Unit Converters
Length Unit Converter
Convert between millimeters, centimeters, meters, kilometers, inches, feet, yards, miles, nautical miles, and more. Instant bidirectional conversion - all calculations happen locally.
How length unit conversion works
Every conversion on this page is performed by converting the source value to meters first, then dividing by the target unit's meter equivalent. For example, to convert 5 miles to kilometers: 5 × 1609.344 = 8046.72 m ÷ 1000 = 8.04672 km. All conversion factors are exact international definitions; no approximations are used in the calculation.
Results are rounded to 6 significant figures. For astronomical units
(light-years, parsecs, angstroms) or sub-atomic sizes, the result is shown in scientific
notation (e.g., 9.46073 × 10¹⁵).
Common length conversions
| Value | Result |
|---|---|
| 1 cm | 0.393701 in |
| 5 cm | 1.96850 in |
| 10 cm | 3.93701 in |
| 30 cm | 11.8110 in |
| 100 cm | 39.3701 in |
| 1 m | 3.28084 ft |
| 5 m | 16.4042 ft |
| 10 m | 32.8084 ft |
| 100 m | 328.084 ft |
| 1 km | 0.621371 mi |
| 5 km | 3.10686 mi |
| 10 km | 6.21371 mi |
| 42.195 km (marathon) | 26.2188 mi |
| 1 ft | 0.3048 m |
| 6 ft | 1.8288 m |
| 1 mi | 1.60934 km |
| 1 in | 2.54 cm |
| 1 yd | 0.9144 m |
| 1 nmi | 1.852 km |
The metric system
The metric system uses powers of ten, making conversions between metric units straightforward. The base unit of length is the meter. A kilometer is 1,000 meters, a centimeter is 1/100 of a meter, and a millimeter is 1/1,000 of a meter. The metric system is the international standard and is used by the vast majority of countries worldwide for everyday measurement.
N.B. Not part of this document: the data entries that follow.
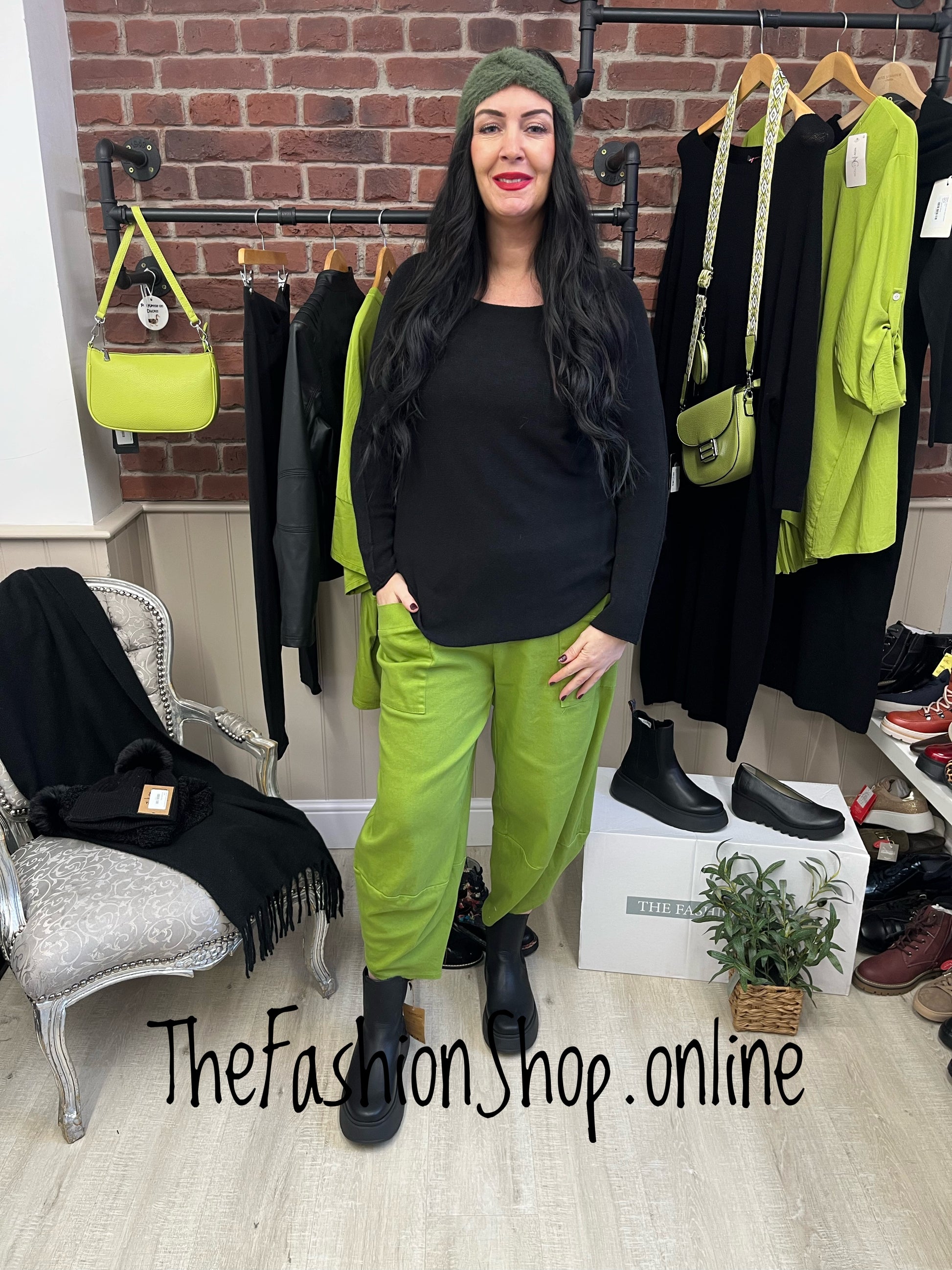 Meet your new go-to pants in a versatile green shade that pairs beautifully with neutrals and denim. Crafted from a soft, breathable blend of 97% cotton and 3% elastane, these trousers offer just the right amount of stretch to move with you—from morning errands to weekend adventures. They have two large pockets, an elasticated waistband and funky seam detailing.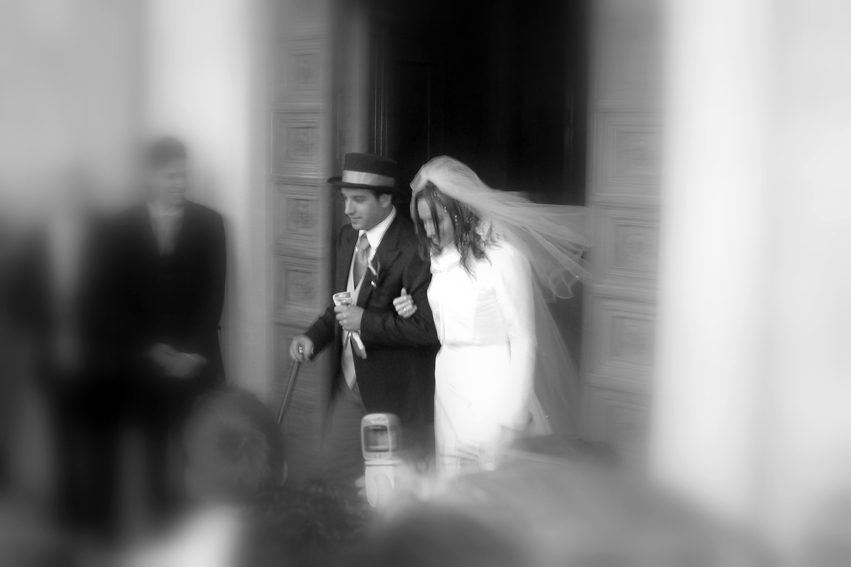 Scusa ma questo scatto proprio non va: l'effetto veramente eccessivo che hai applicato in post la rende più un artwork che una foto (ma perchè poi cancellare i volti delle persone plaudenti, che potevano essere interessanti?). Se poi vediamo solo il soggetto fotografato... beh, è una coppia che esce dopo essersi sposata, un pò mossa, e il viso di lei è pure coperto...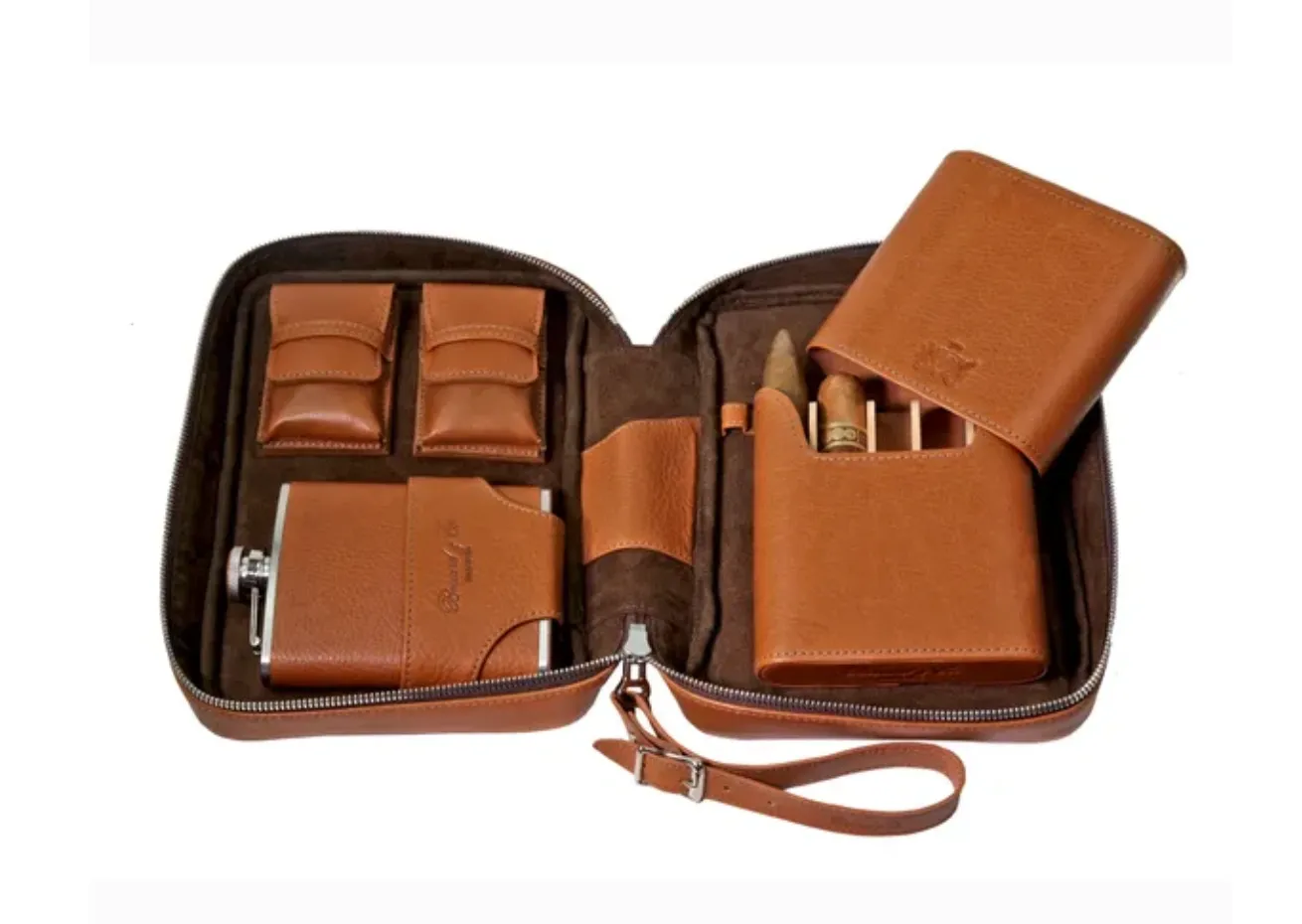 The Havana Traveler is the most luxurious compendium for the cigar aficionado on the go. Crafted of the finest top grain leather, it opens to unveil a suede lined compartment. The Havana Traveler comes with the following products: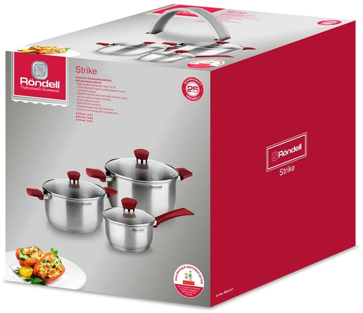 Набор посуды Rondell 817 Набор 6 предметов (кастрюли 18, 20, ковш 14) Strike Rondell (ST) Одно из ключевых преимуществ коллекции, которое оценит каждый кулинар — уникальное сочетание функциональности, элегантного дизайна и выгодной цены. Коллекция посуды Strike позволит Вам легко воплощать в жизнь любимые блюда благодаря ковшам: 14 см (0.9 л), 16 см (1.3л) и кастрюлям: 18 см (2.0 л), 20 см (2.8 л) и 24 см (4.8л) оптимального объема и диаметра. Посуду Вы можете приобрести как отдельно, так и в наборах из 4-х, 6-ти и 8-ми предметов. Все предметы посуды коллекции оснащены крышками из жаропрочного стекла толщиной 4 мм. Благодаря отверстию для паровыпуска Вы можете контролировать процесс приготовления блюда без потери тепла. Особое удобство в обращении с кастрюлями и ковшом обеспечивают дизайнерские бакелитовые ручки с мягким силиконовым напылением благородного красного/серого цвета. Изысканные цвета напыления ручек придают предметам посуды коллекции еще больше элегантности. Благодаря клепкам ручки надежно крепятся к корпусу кастрюль или ковша, гарантируя долгий срок службы посуды. Одновременно с этим такие ручки обеспечивают не только удобное, но и безопасное использование: они не нагреваются и не скользят. Входящие в коллекцию кастрюли и ковши с крышкой позволят легко варить, тушить, томить и даже поджаривать ингредиенты блюд. Каждый предмет посуды Strike выполнен из высококачественной нержавеющей стали. Один из самых экологичных и гигиеничных, данный материал не вступает в реакцию со щелочами и кислотами, которые содержатся в продуктах, благодаря чему в блюде сохраняются все витамины и микроэлементы. Одновременно с этим сталь обладает высокой прочностью и надежностью: Вы можете забыть о деформации посуды или сколах на ней. Коллекция надолго сохранит свой эстетичный внешний вид и прослужит Вам многие годы. Среди преимуществ данной коллекции стоит выделить наличие тройного вштампованного вплавленного дна, обладающего большой теплопроводностью. Теперь готовить блюда Вы можете гораздо быстрее и эффективнее. Одновременно с этим такая технология позволяет теплу равномерно распределяться и сохраняться не только по дну, но и по всему корпусу посуды: Ваши блюда не пригорят и сохранят все свои вкусовые и питательные свойства. Наличие внутренних отметок литража позволит легко соблюдать пропорции рецептуры во время приготовления блюда. Готовить любимые блюда в данной посуде Вы можете на всех видах плит, даже индукционных.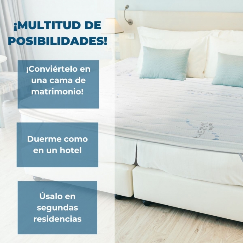 ¡Dale a tu colchón el toque que le falta! Con este topper colchoncito podrás darle una oportunidad a tu colchón ya sea porque esté demasiado duro, sin perder firmeza (gracias a las fibras naturales) o demasiado blando, ganando confortabilidad. Sigue disfrutando de tu colchón en segundas viviendas, en tu vivienda de alquiler o para camas de casas vacacionales. También se puede usar el topper para ganar confort en el sofá cama o para unir dos colchones y obtener una cama más grande por ejemplo, para un cuarto de invitados.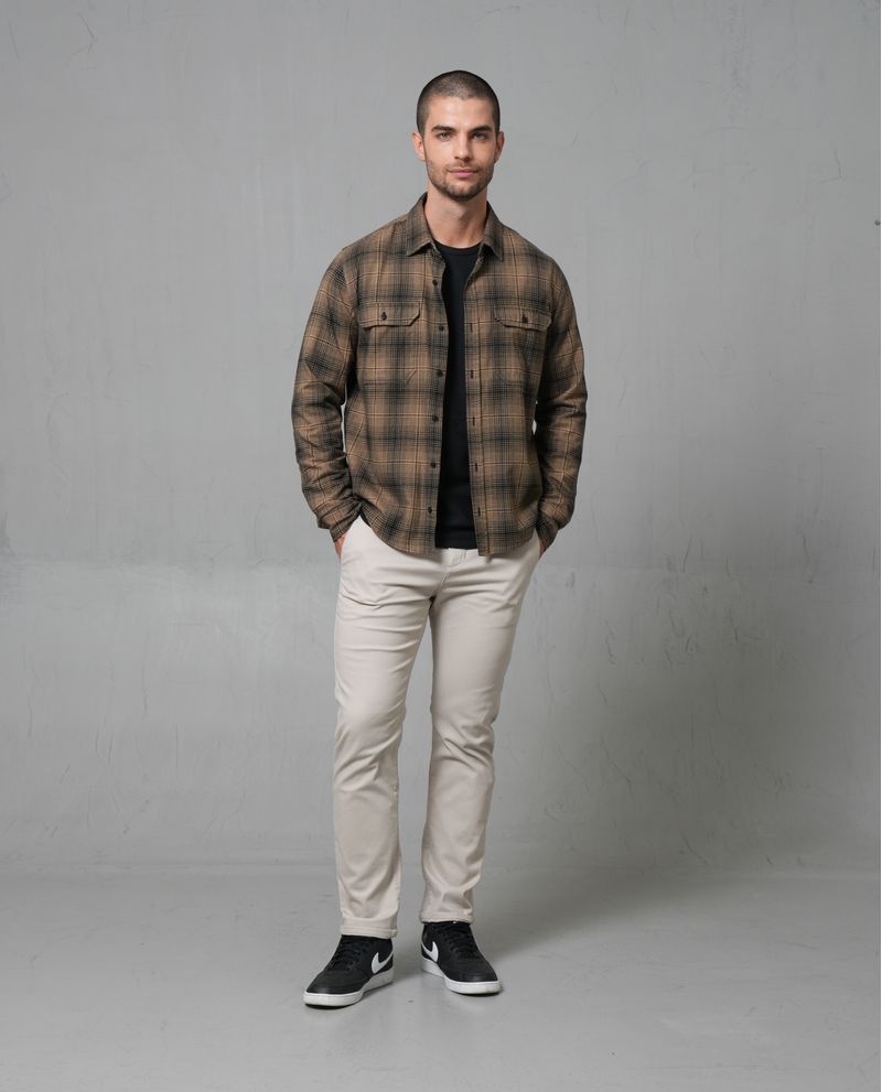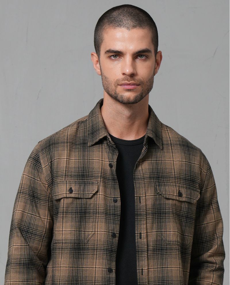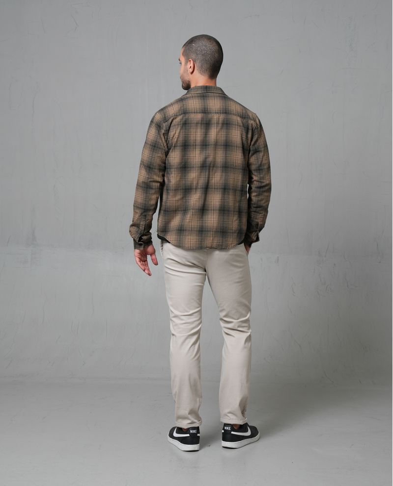 Camisa para hombre tipo leñadora de manga larga en tonos cafés y cuadros preteñidos. Es la opción perfecta para lograr un look moderno sin esfuerzo. Está elaborada en 100% algodón, lo que garantiza comodidad. Su diseño permite llevarla cerrada o abierta sobre una camiseta básica, sumando estilo. *El modelo usa una camisa talla L. *Algunas pantallas pueden alterar el color real de la prenda.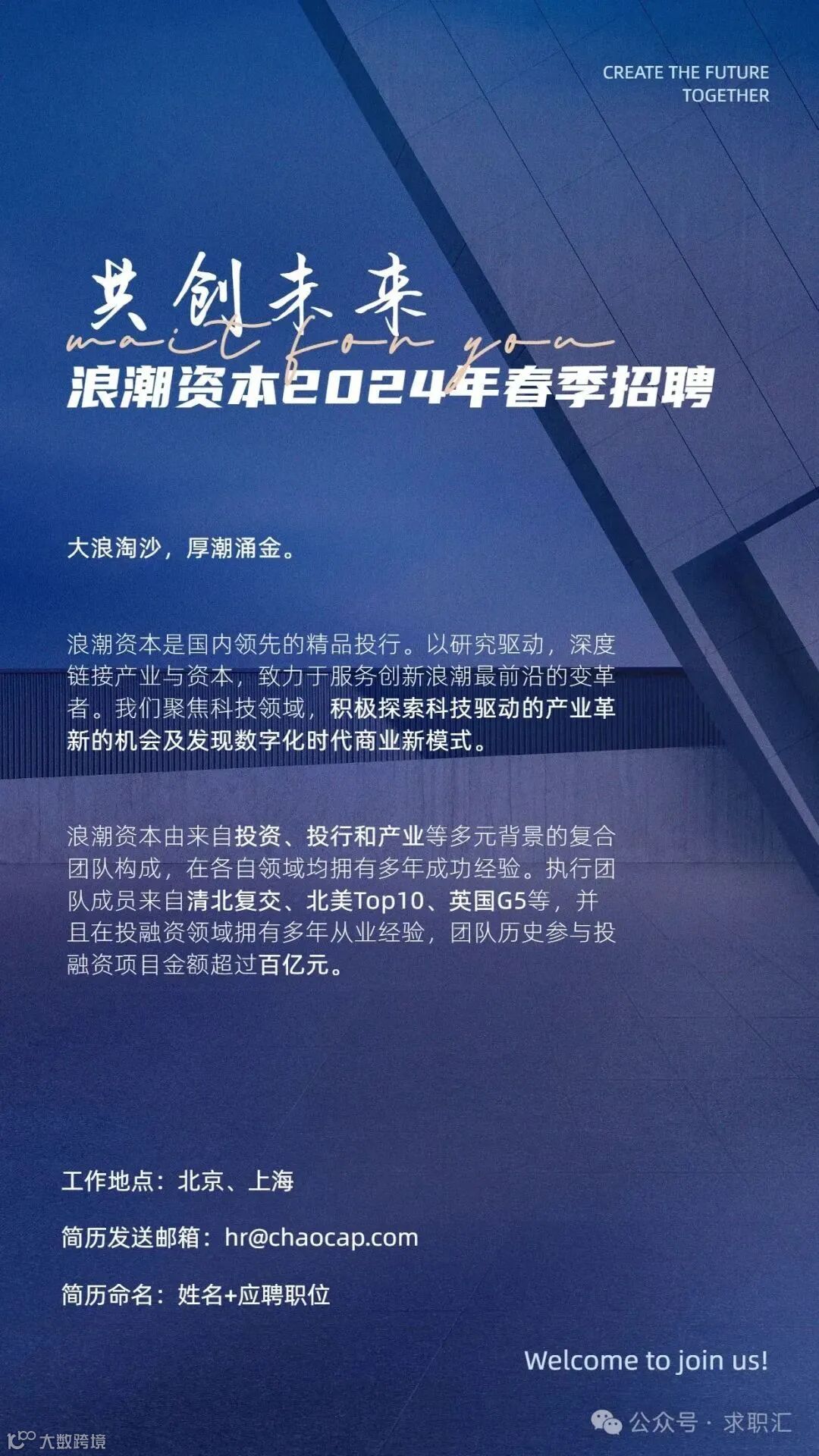2、知名投行或基金5年及以上工作经验,或相关产业领域5年以上从业经验;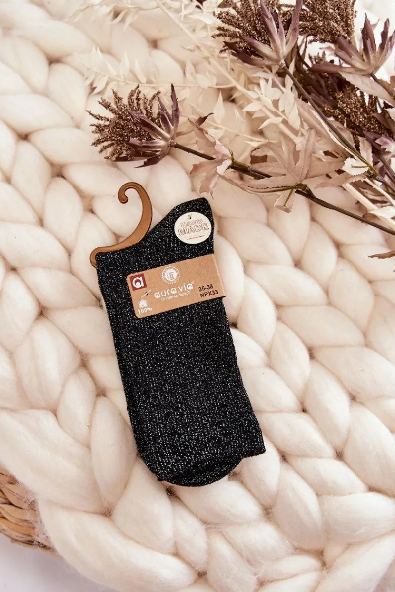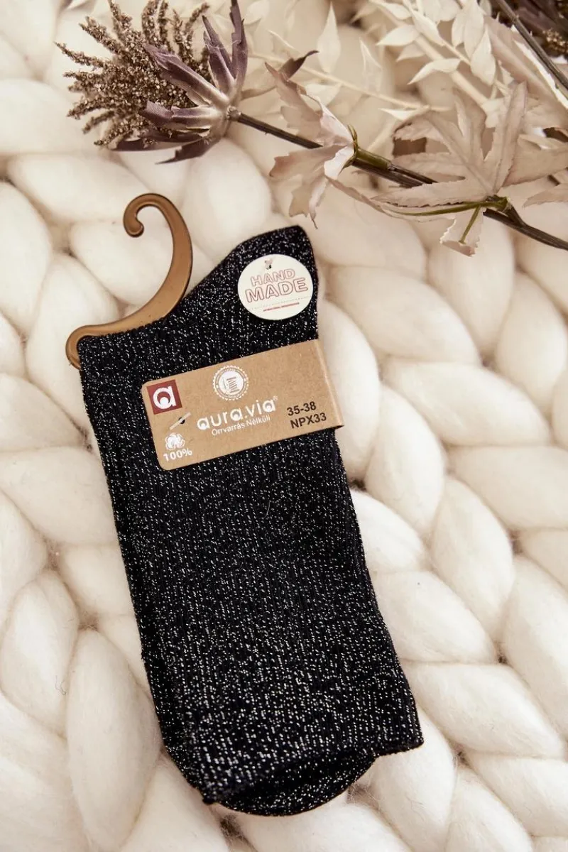 Damskie skarpetki o modnym fasonie zostały wykonane z bawełnianej tkaniny z dodatkiem lurexu, czyli nici metalizowanej. Skarpetki te są bezuciskowe. Model prążkowany, wykonany z wytrzymałej, przewiewnej tkaniny. Dodatkowo skarpetki są antybakteryjne. Model ten na pewno świetnie będzie prezentować się w wielu stylizacjach w chłodniejsze dni!

Imperial and US customary units
The imperial system (used primarily in the United States) has less regular relationships between its units. There are 12 inches in a foot, 3 feet in a yard, and 1,760 yards (5,280 feet) in a mile. The US survey system uses very slightly different foot and mile values for land surveying, but the differences are negligible for everyday use and this converter uses the international values.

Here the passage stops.